> _TASK DIRECTIONS_:
Give back the exact lines of the material below from the one containing "Sturz ins LeereDer" through the one containing "首页精选范文市直单位党组书记抓基层党建工作述职报告", and no pictures.

> _TASK MATERIAL_:
▬▬▬▬▬▬▬▬▬▬

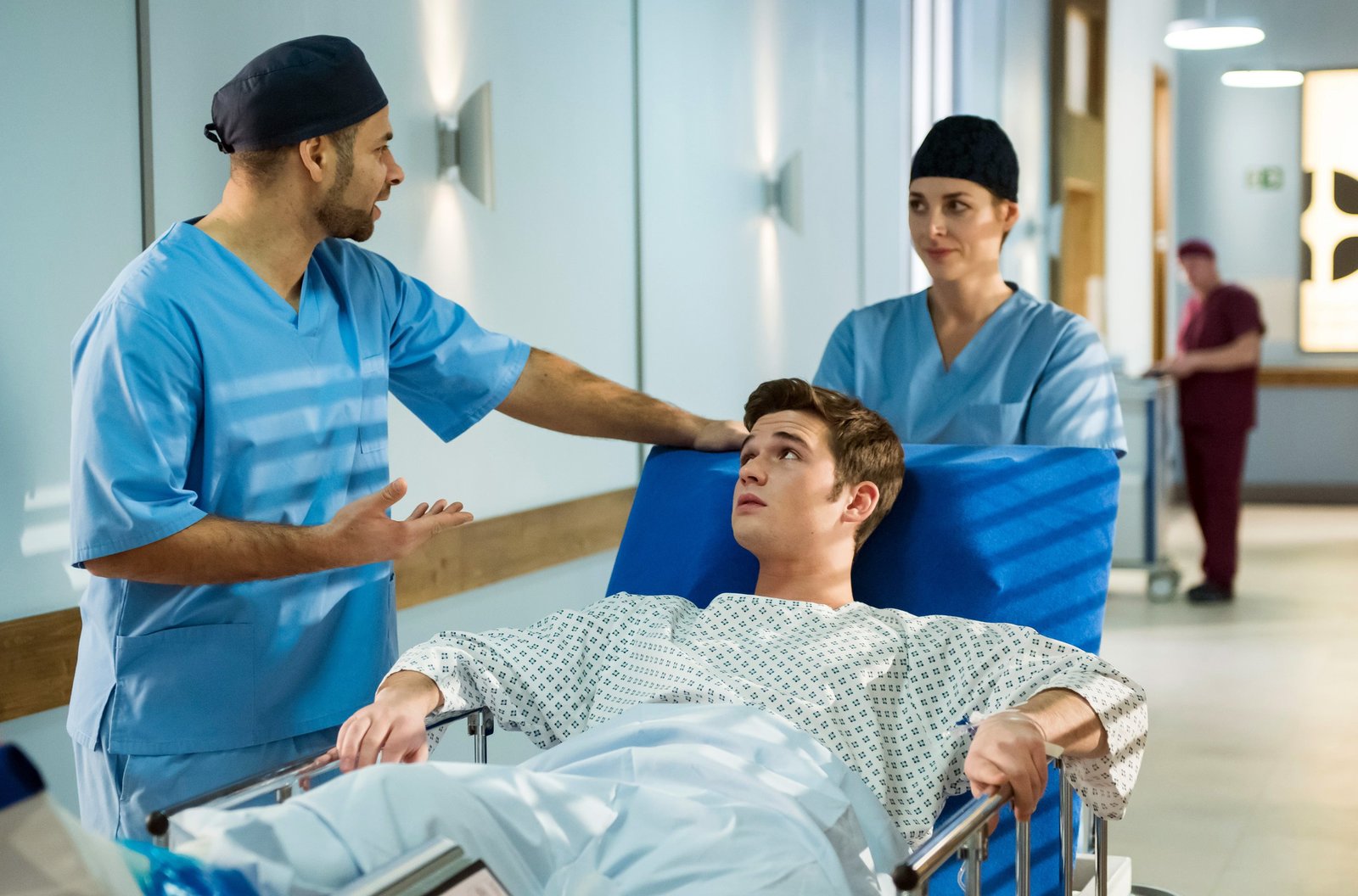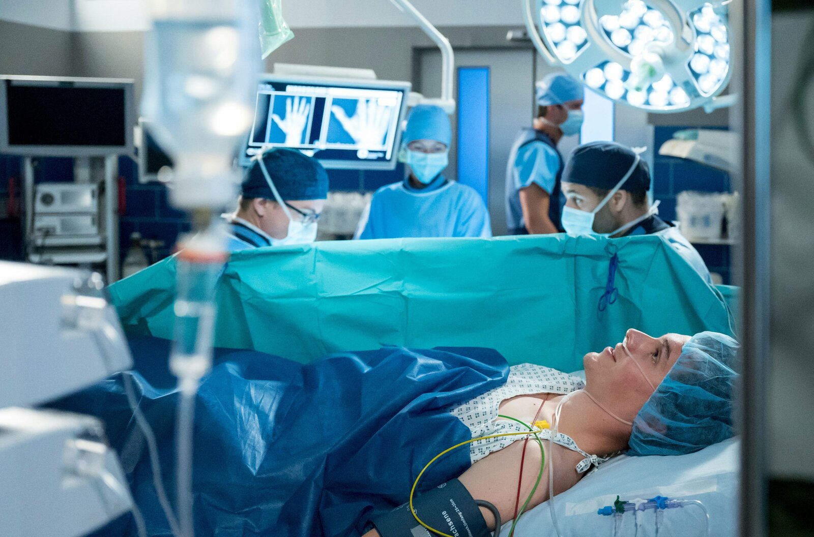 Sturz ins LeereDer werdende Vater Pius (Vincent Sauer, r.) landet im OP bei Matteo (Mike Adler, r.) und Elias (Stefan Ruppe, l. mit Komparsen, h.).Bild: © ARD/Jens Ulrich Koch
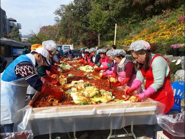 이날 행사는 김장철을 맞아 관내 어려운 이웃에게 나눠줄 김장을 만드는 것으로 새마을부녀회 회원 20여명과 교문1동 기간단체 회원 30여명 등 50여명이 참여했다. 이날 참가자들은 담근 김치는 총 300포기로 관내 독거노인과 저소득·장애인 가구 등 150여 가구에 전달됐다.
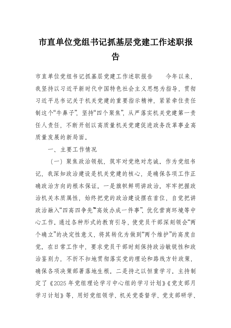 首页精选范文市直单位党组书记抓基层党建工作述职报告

▬▬▬▬▬▬▬▬▬▬

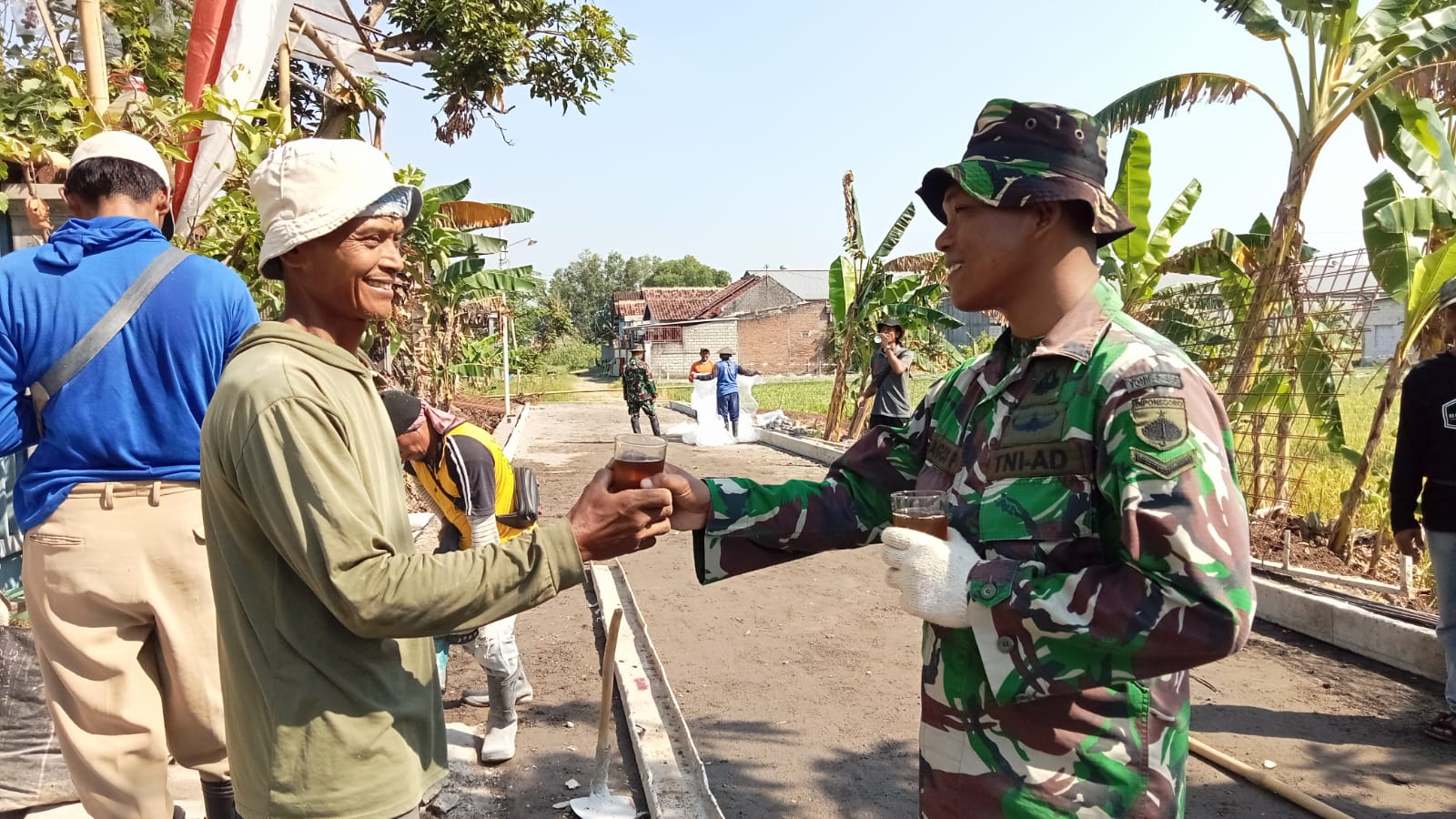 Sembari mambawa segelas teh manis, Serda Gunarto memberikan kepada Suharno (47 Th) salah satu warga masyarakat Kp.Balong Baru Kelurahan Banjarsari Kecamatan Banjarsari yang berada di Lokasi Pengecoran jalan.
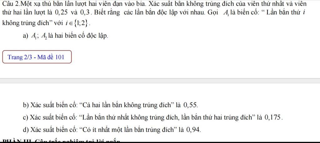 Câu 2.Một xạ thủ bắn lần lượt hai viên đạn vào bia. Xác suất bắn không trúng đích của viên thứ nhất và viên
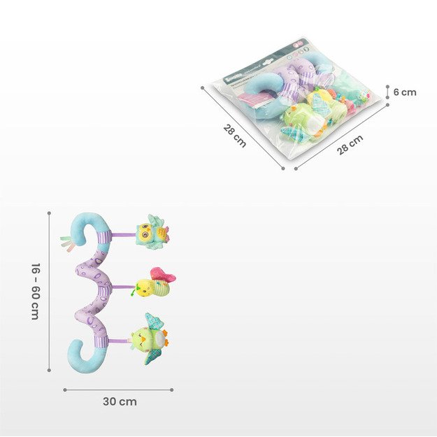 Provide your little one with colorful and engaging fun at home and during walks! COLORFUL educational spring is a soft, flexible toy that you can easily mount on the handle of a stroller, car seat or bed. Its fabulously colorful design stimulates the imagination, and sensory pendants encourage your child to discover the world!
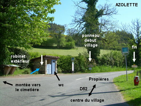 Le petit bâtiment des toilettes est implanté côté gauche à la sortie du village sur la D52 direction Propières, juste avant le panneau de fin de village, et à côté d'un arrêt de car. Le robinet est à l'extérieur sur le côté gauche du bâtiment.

▬▬▬▬▬▬▬▬▬▬

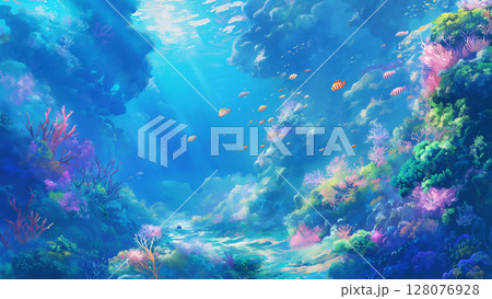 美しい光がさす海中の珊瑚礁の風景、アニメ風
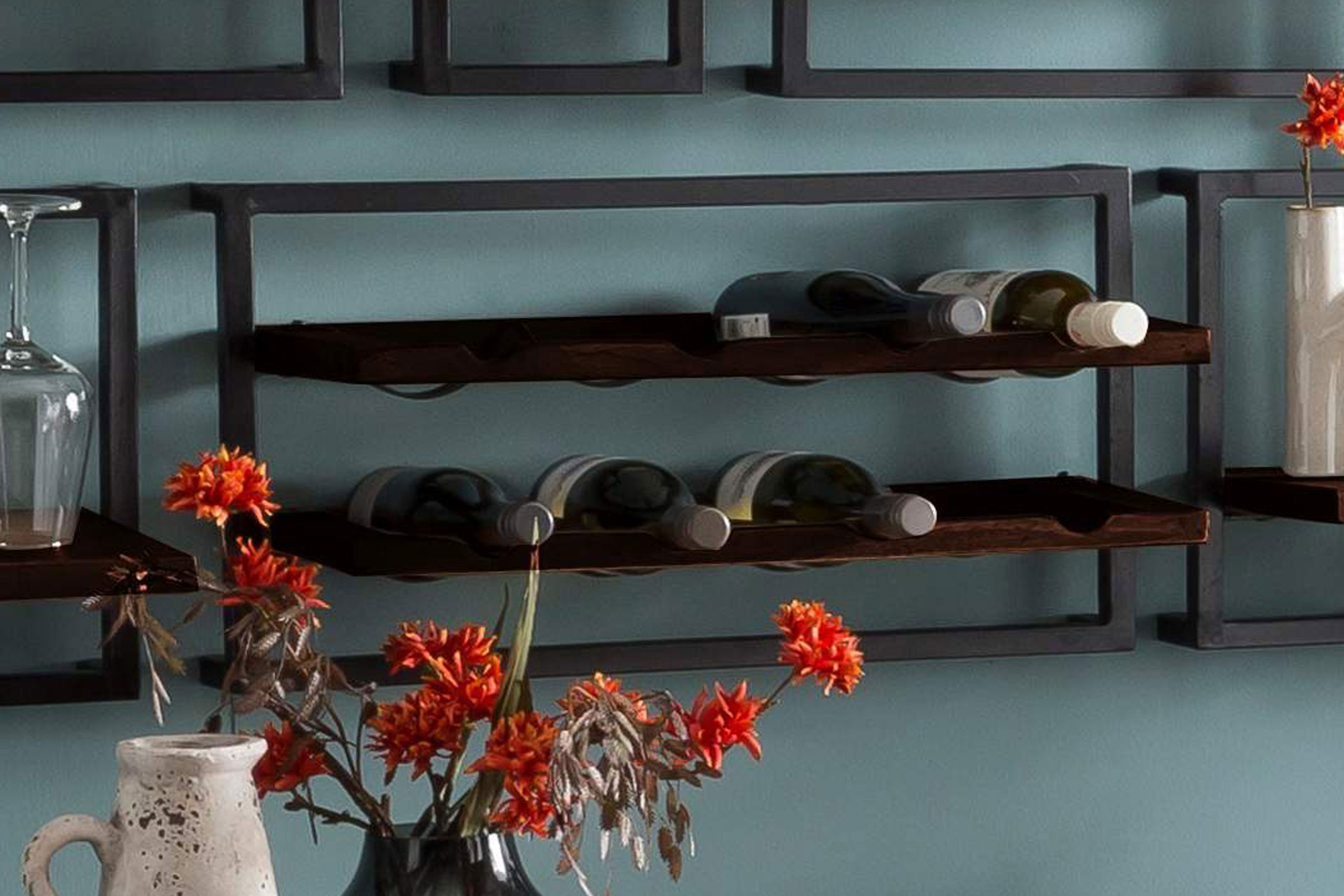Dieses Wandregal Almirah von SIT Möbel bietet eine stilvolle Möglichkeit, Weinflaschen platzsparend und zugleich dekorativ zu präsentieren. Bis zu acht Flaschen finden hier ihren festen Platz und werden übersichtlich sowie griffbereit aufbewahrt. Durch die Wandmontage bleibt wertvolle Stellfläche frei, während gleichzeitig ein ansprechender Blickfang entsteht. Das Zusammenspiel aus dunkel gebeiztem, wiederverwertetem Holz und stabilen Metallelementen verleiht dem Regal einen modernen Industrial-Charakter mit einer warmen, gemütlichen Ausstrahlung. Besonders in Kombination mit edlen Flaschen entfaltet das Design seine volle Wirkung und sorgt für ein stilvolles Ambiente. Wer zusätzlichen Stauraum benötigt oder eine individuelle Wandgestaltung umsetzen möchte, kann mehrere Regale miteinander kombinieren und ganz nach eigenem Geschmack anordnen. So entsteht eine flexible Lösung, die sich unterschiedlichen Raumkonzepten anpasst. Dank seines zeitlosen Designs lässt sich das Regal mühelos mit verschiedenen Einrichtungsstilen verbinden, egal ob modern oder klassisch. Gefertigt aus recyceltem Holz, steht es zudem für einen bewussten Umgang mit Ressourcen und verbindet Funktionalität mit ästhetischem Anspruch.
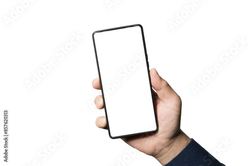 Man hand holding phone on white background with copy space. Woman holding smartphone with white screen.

▬▬▬▬▬▬▬▬▬▬

> _ANSWER TO THE EXERCISE_:
 Sturz ins LeereDer werdende Vater Pius (Vincent Sauer, r.) landet im OP bei Matteo (Mike Adler, r.) und Elias (Stefan Ruppe, l. mit Komparsen, h.).Bild: © ARD/Jens Ulrich Koch
 이날 행사는 김장철을 맞아 관내 어려운 이웃에게 나눠줄 김장을 만드는 것으로 새마을부녀회 회원 20여명과 교문1동 기간단체 회원 30여명 등 50여명이 참여했다. 이날 참가자들은 담근 김치는 총 300포기로 관내 독거노인과 저소득·장애인 가구 등 150여 가구에 전달됐다.
 首页精选范文市直单位党组书记抓基层党建工作述职报告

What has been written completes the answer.